**Directions for this task**:
Each line of the material must be reproduced exactly; pictures stay out.

**Data shown**:
= = =

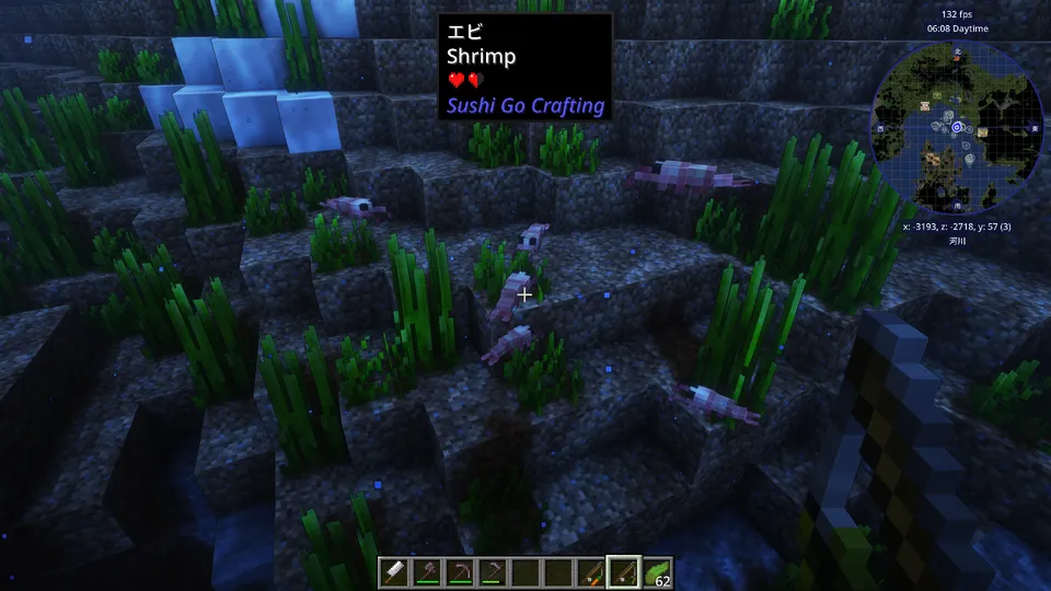 ちなみに別MOD『Apotheosis』を導入している場合、エビと竹でフグをクラフトできます…
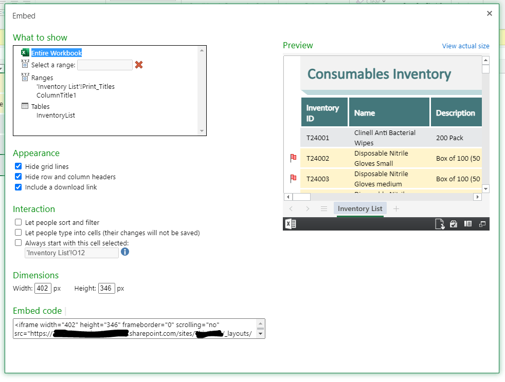 According to this article: Embed your Excel workbook on your web page or blog from SharePoint or OneDrive for Business - Office Support (microsoft.com)
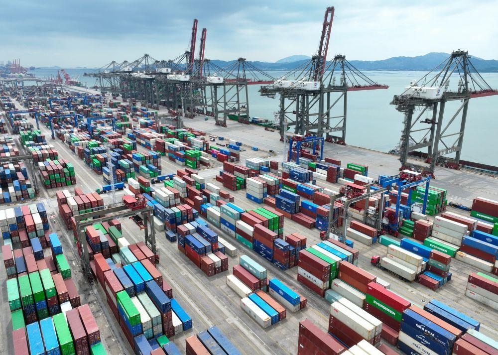 這是2024年10月15日拍攝的中國(福建)自由貿易試驗區廈門片區集裝箱碼頭(無人機照片)。新華社記者 姜克紅 攝
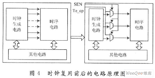从图中可以看出,时钟电路产生很多不同频率的时钟以满足不同模块的需求,在时钟电路的输出端口加入相应的选择器(MUX)控制时钟的选择;当处于正常工作状态时,MUX选择正常的时钟进入相应的模块,进而实现相应的功能;当处于扫描状态时,这些MUX都是选择同样的扫描测试时钟信号(Te cp)进人到各个模块进行测试。这样做的优点在于不仅满足了测试选择的需要,而且也尽可能地测试到所有触发器,满足测试覆盖率的需要。

= = =

**Solution below**:
 ちなみに別MOD『Apotheosis』を導入している場合、エビと竹でフグをクラフトできます…
 According to this article: Embed your Excel workbook on your web page or blog from SharePoint or OneDrive for Business - Office Support (microsoft.com)
 這是2024年10月15日拍攝的中國(福建)自由貿易試驗區廈門片區集裝箱碼頭(無人機照片)。新華社記者 姜克紅 攝
从图中可以看出,时钟电路产生很多不同频率的时钟以满足不同模块的需求,在时钟电路的输出端口加入相应的选择器(MUX)控制时钟的选择;当处于正常工作状态时,MUX选择正常的时钟进入相应的模块,进而实现相应的功能;当处于扫描状态时,这些MUX都是选择同样的扫描测试时钟信号(Te cp)进人到各个模块进行测试。这样做的优点在于不仅满足了测试选择的需要,而且也尽可能地测试到所有触发器,满足测试覆盖率的需要。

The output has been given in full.